Wherever a picture appears in the listing, leave it out, and copy the rest exactly.

## INFORMATION SUPPLIED
== Segment start ==
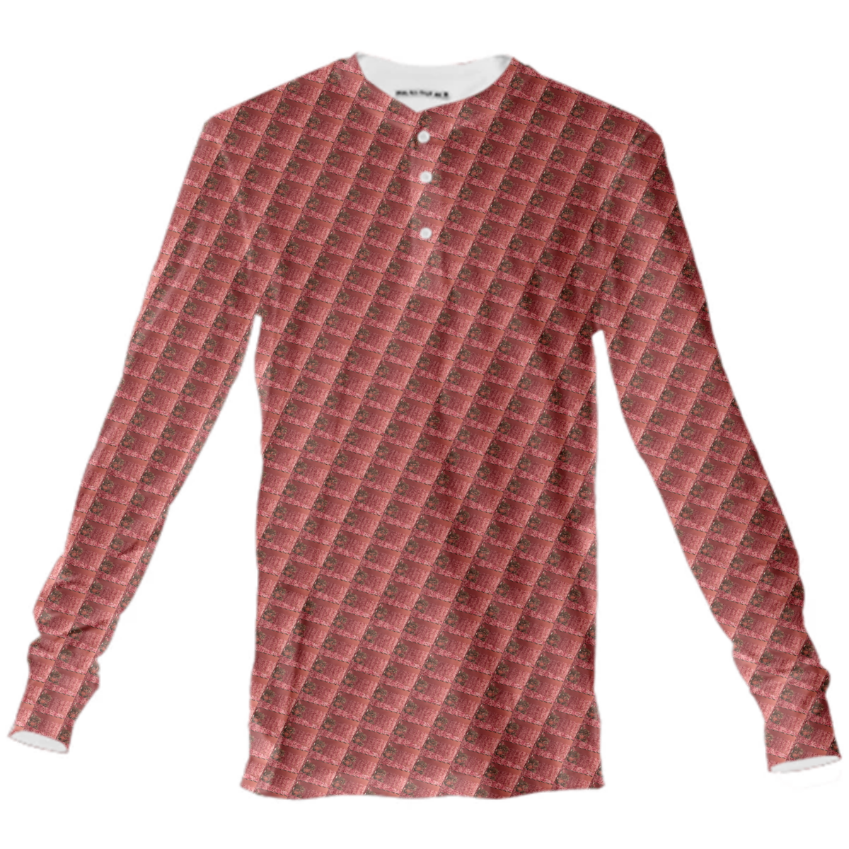 Classic crew neck cuffed henley shirt with front plastic buttons for comfort.
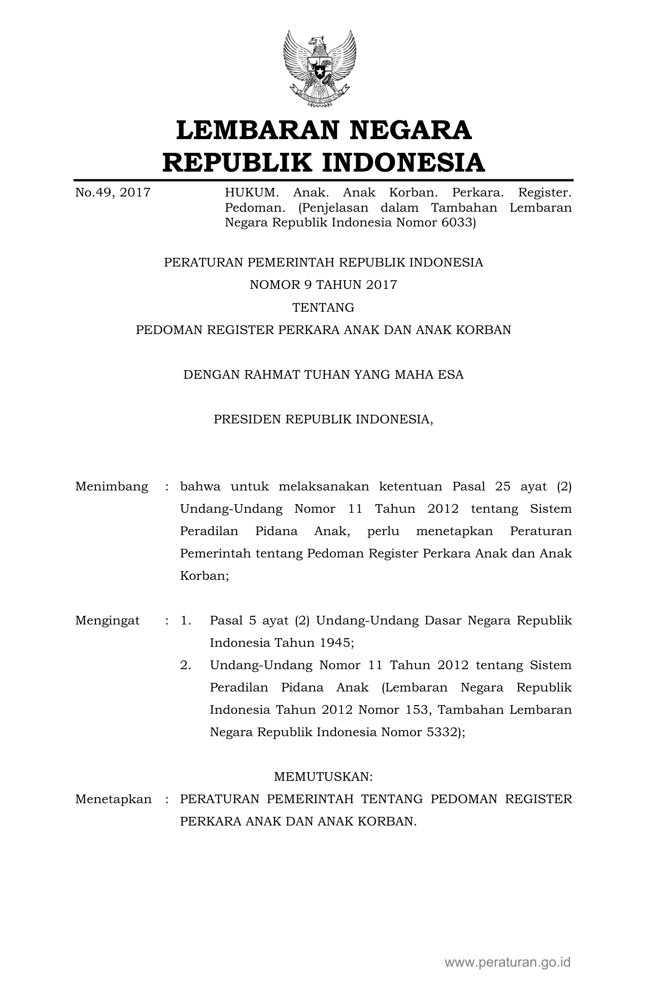 PP Nomor 9 Tahun 2017 | Peraturan Pemerintah Nomor 9 Tahun 2017 tentang Pedoman Register Perkara Anak Dan Anak Korban
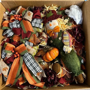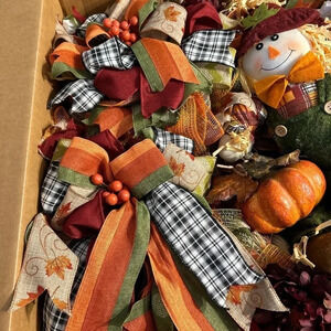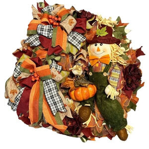 Handmade Autumn Wreath with Scarecrow and Pumpkins
== Segment end ==
## WRITTEN SOLUTION
 Classic crew neck cuffed henley shirt with front plastic buttons for comfort.
 PP Nomor 9 Tahun 2017 | Peraturan Pemerintah Nomor 9 Tahun 2017 tentang Pedoman Register Perkara Anak Dan Anak Korban
 Handmade Autumn Wreath with Scarecrow and Pumpkins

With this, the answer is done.